Tallinn Ensemble Attempts to Slice Time Like Onions in Liepāja - Promises Everyone Will Understand Everything at Concert

Estonian musicians will arrive in Liepāja to demonstrate how to properly slice time, while our locals are still trying to figure out why the tram only goes in one direction.
While Riga is still pondering what time actually is and why it runs out so quickly on weekends, Liepāja will welcome actual music professors from Tallinn on April 12th, who know how to properly handle time. "Ensemble for New Music Tallinn" promises to show how time can be sliced, stretched, bent and generally manipulated in any way desired - almost like our tram, which also moves at its own rhythm and never falls behind schedule.
The program will feature two world premieres, meaning even Riga won't have heard them yet.
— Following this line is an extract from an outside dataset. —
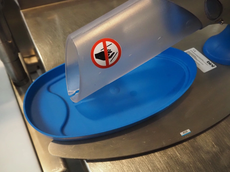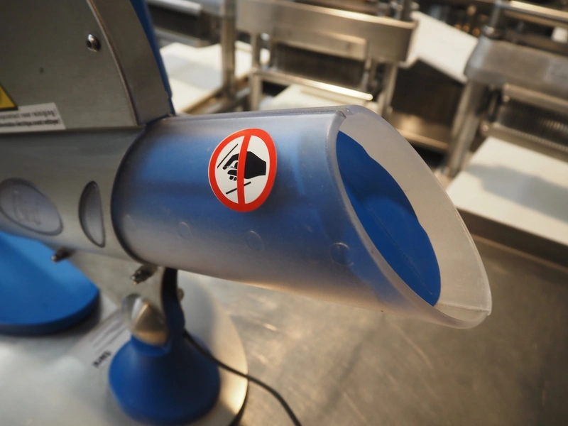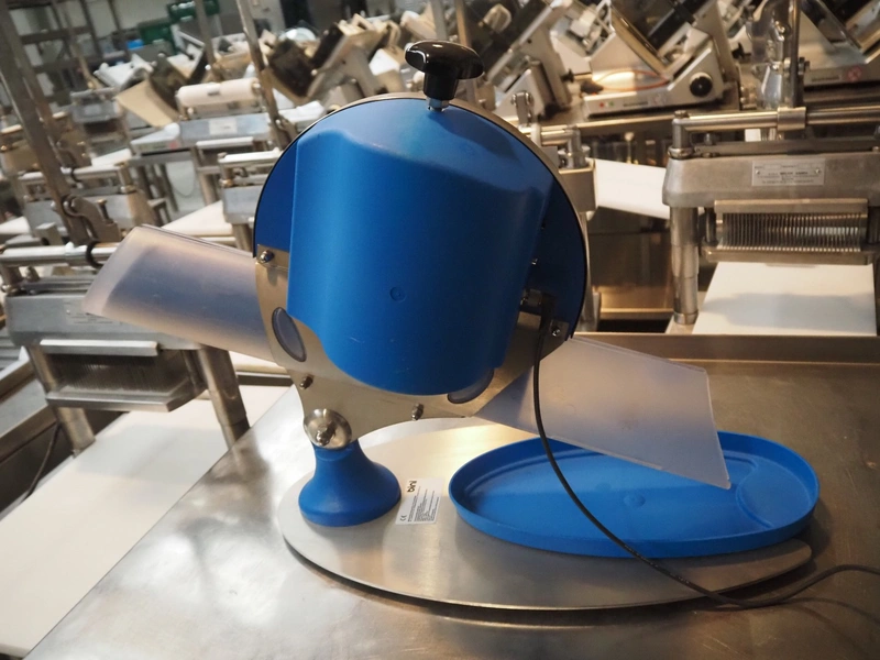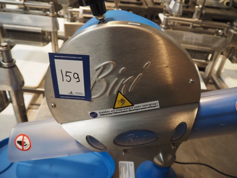 Bini baguette slicer, 230 V, 16 A, weight 13.8 kg, diameter knife: 250 mm, dimensions: 980 mm x 300 mm x 520 mm.

Anna Veismane has written a piece about milk, inspired by Ziedonis, while Evija Skuķe has created something fractal that repeats like our daily routine - from home to work, from work to home, endlessly.
"We want listeners to lose their sense of time orientation," explains one of the organizers. "Just like in our tram - you sit and ride, and no longer know whether you're going forward or backward, but it doesn't matter anymore." Latvia's only tram is indeed a perfect metaphor for the experience of time - it travels on its own tracks, at its own rhythm, and passengers simply surrender to the process.
The concert will take place at Liepāja Concert Hall at 3:00 PM, but first at 2:00 PM there will be a pre-concert discussion where the composers will explain how they slice time. "I hope they'll also show how to properly cut time into pieces so you can get more done," says local resident Jānis. "I never have enough time to get from Karosta to downtown by tram."
⚠️ Satirical article. Facts are preserved, but the presentation is humorous. For accurate information, please refer to the original source.